■ **Information provided**
★ ★ ★
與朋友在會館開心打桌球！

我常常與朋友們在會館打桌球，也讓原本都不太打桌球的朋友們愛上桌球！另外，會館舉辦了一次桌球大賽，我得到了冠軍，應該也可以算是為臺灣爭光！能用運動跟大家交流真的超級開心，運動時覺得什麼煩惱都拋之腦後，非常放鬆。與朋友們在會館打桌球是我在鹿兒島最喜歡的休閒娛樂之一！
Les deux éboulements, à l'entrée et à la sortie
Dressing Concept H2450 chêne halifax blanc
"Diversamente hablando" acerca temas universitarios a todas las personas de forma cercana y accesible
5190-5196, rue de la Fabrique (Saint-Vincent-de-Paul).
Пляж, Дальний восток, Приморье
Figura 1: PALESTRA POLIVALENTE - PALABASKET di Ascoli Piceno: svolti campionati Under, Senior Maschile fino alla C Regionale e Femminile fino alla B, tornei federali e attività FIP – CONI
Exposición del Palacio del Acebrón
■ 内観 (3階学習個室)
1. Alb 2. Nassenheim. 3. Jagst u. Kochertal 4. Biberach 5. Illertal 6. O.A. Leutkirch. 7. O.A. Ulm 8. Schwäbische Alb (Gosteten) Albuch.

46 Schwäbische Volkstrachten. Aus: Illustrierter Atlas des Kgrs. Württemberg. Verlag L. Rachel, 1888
★ ★ ★
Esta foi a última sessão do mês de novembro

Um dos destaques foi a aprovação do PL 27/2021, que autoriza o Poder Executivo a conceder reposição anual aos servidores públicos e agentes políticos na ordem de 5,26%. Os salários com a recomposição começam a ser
★ ★ ★
■ **Task directions**
In the material above, locate the line containing "Пляж, Дальний восток, Приморье" and the line containing "46 Schwäbische Volkstrachten.". Transcribe exactly those two lines and every line between them, and nothing more.

■ **Exercise answer**
Пляж, Дальний восток, Приморье
Figura 1: PALESTRA POLIVALENTE - PALABASKET di Ascoli Piceno: svolti campionati Under, Senior Maschile fino alla C Regionale e Femminile fino alla B, tornei federali e attività FIP – CONI
Exposición del Palacio del Acebrón
■ 内観 (3階学習個室)
1. Alb 2. Nassenheim. 3. Jagst u. Kochertal 4. Biberach 5. Illertal 6. O.A. Leutkirch. 7. O.A. Ulm 8. Schwäbische Alb (Gosteten) Albuch.

46 Schwäbische Volkstrachten. Aus: Illustrierter Atlas des Kgrs. Württemberg. Verlag L. Rachel, 1888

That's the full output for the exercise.